- **Entries supplied**

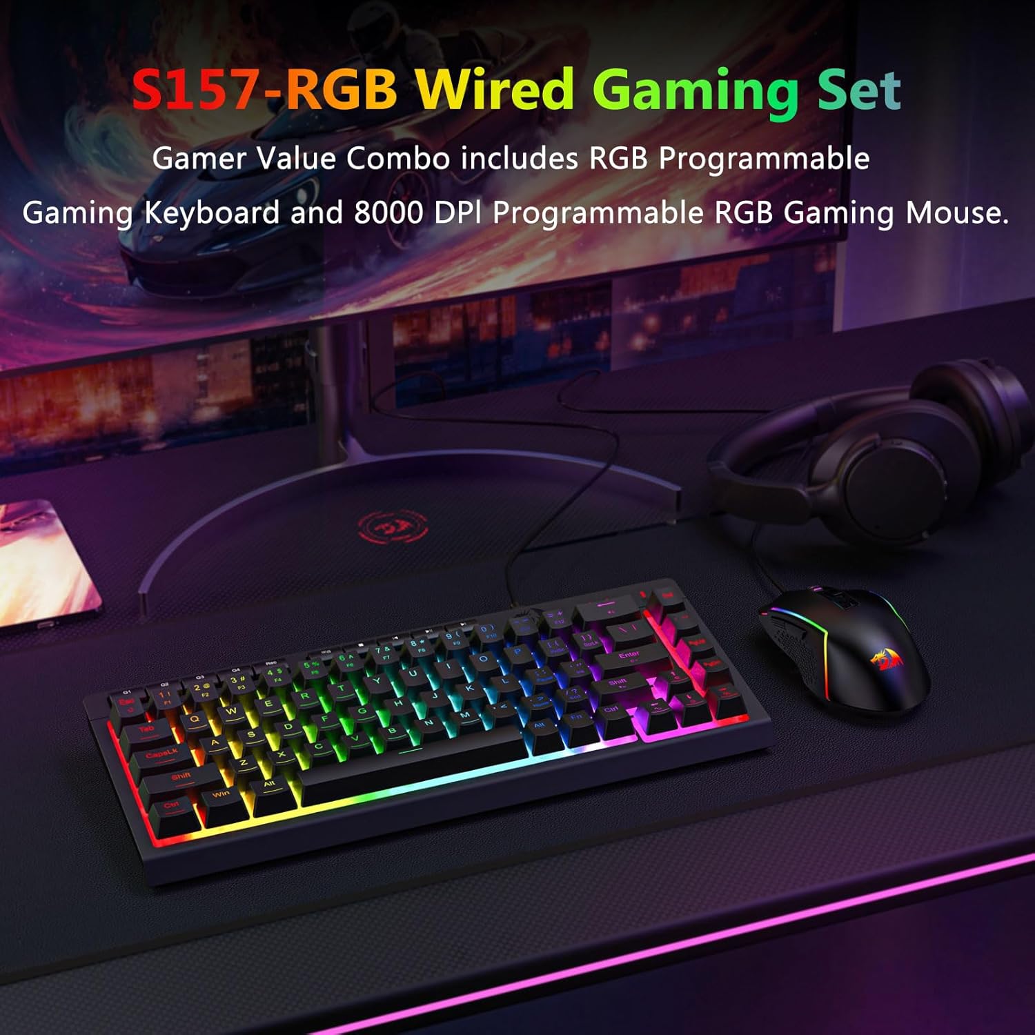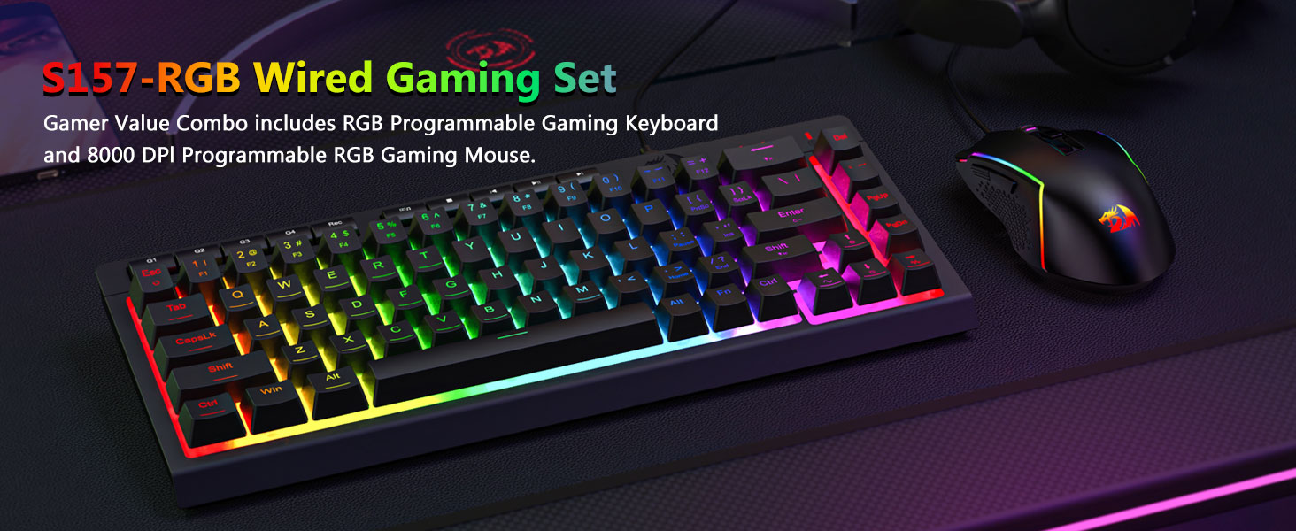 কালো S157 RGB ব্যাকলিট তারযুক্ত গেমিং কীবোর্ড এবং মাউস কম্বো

---

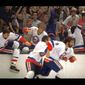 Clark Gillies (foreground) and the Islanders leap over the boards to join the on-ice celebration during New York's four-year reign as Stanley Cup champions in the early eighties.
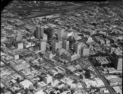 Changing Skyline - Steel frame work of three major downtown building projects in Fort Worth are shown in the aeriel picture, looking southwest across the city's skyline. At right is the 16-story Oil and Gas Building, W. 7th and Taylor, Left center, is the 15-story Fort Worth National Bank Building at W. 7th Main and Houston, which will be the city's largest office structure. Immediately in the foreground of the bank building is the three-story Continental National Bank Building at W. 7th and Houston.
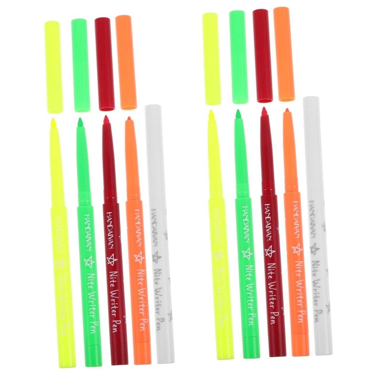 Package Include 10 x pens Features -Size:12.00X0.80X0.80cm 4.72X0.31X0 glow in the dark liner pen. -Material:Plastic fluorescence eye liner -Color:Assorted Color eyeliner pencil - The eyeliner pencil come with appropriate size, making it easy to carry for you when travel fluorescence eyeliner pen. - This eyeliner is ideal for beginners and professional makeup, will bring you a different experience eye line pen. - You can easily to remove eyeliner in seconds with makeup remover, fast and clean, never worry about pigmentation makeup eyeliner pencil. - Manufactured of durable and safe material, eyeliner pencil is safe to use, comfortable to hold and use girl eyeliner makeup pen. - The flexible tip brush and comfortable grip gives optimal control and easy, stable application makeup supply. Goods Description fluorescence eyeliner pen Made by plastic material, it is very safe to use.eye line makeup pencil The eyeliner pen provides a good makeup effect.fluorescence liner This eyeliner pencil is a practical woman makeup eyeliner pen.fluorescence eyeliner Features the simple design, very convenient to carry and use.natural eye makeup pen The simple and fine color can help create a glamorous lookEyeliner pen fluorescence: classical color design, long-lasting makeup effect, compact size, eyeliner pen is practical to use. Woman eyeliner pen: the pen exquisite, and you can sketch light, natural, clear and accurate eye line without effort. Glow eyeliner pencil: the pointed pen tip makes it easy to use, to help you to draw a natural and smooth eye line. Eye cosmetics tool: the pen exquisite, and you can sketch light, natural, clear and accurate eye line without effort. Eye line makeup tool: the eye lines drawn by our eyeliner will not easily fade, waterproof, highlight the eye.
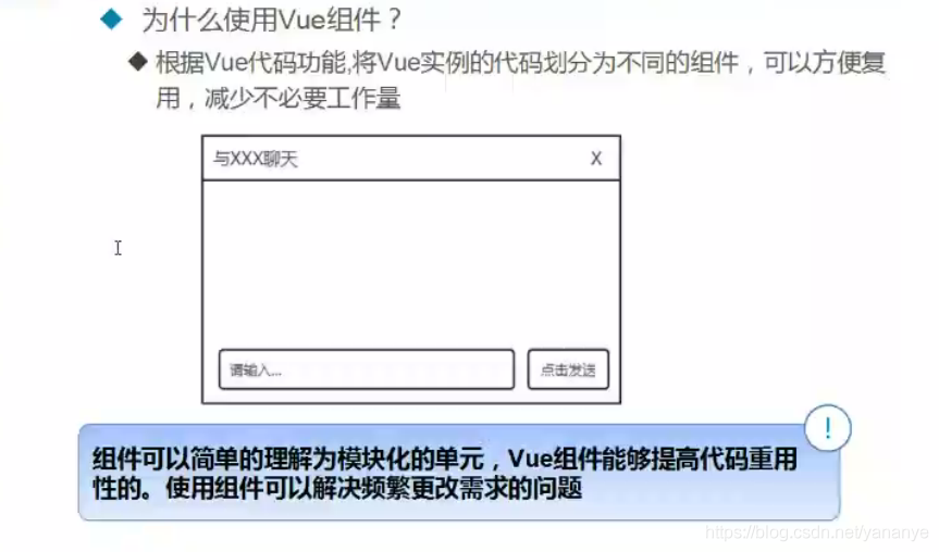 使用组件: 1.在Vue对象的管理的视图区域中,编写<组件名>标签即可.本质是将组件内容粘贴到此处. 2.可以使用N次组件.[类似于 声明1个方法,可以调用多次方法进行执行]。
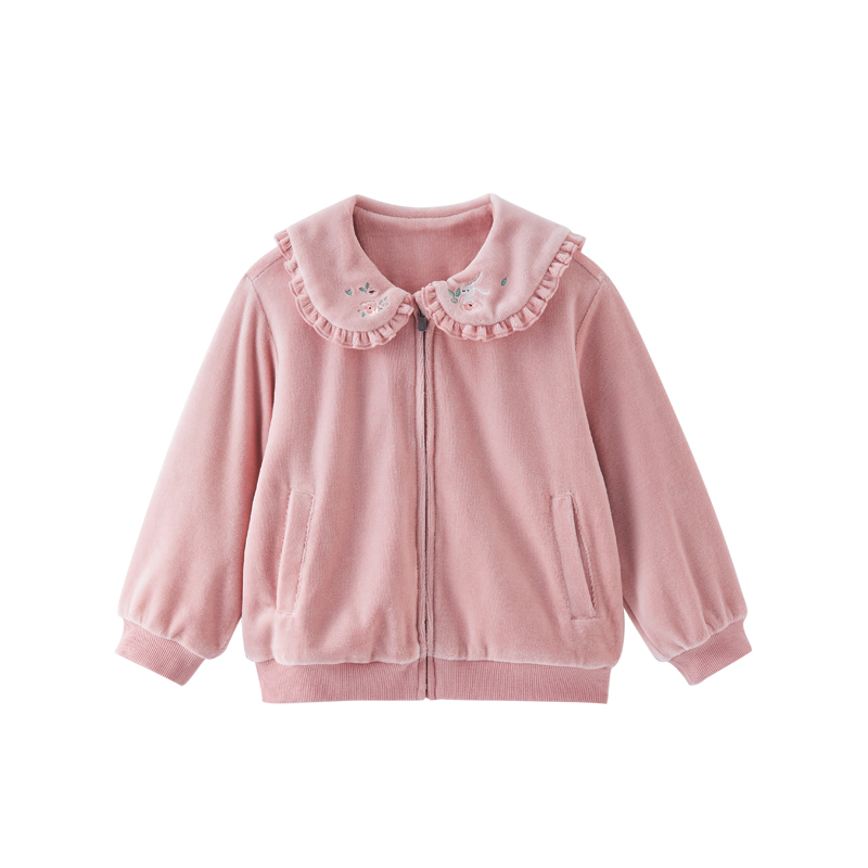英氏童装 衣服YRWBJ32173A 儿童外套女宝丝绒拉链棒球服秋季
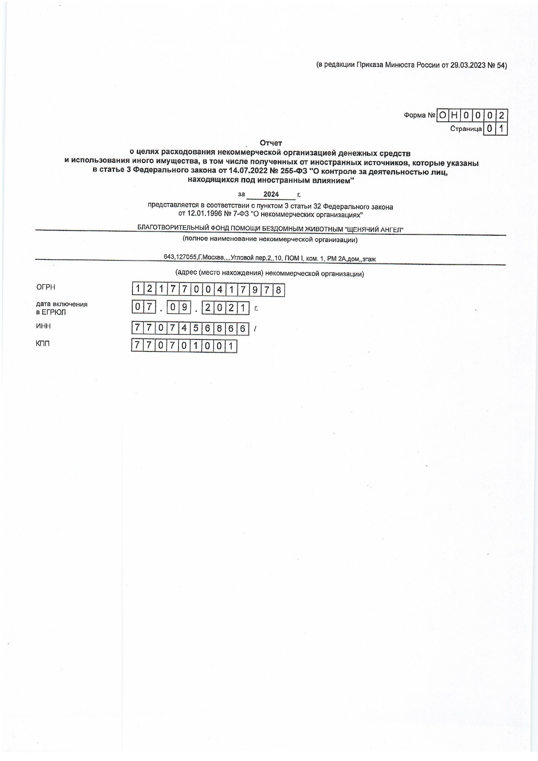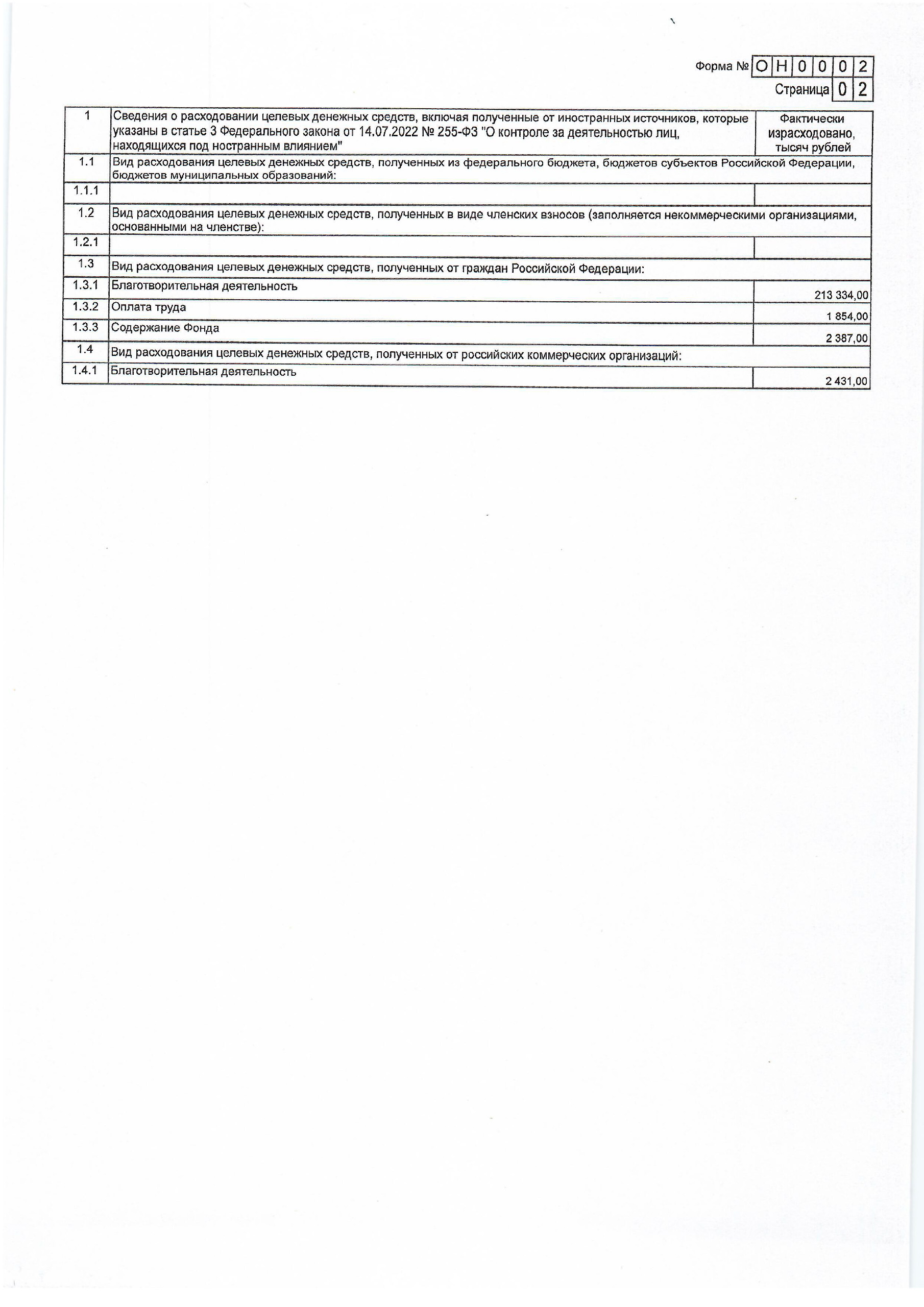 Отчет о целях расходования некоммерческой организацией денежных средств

...

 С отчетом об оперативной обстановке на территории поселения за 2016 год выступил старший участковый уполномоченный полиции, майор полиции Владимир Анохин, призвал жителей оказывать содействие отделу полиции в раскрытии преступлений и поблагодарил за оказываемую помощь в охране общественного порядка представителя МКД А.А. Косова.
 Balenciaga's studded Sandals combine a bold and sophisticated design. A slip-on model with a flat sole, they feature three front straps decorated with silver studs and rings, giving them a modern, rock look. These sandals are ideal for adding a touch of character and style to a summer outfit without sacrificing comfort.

- **What this task involves**
Word for word, write out the lines above running from the one with "英氏童装 衣服YRWBJ32173A 儿童外套女宝丝绒拉链棒球服秋季" up to and including the one with "Отчет о целях". Drop any picture.

- **Answer for this exercise**
英氏童装 衣服YRWBJ32173A 儿童外套女宝丝绒拉链棒球服秋季
 Отчет о целях расходования некоммерческой организацией денежных средств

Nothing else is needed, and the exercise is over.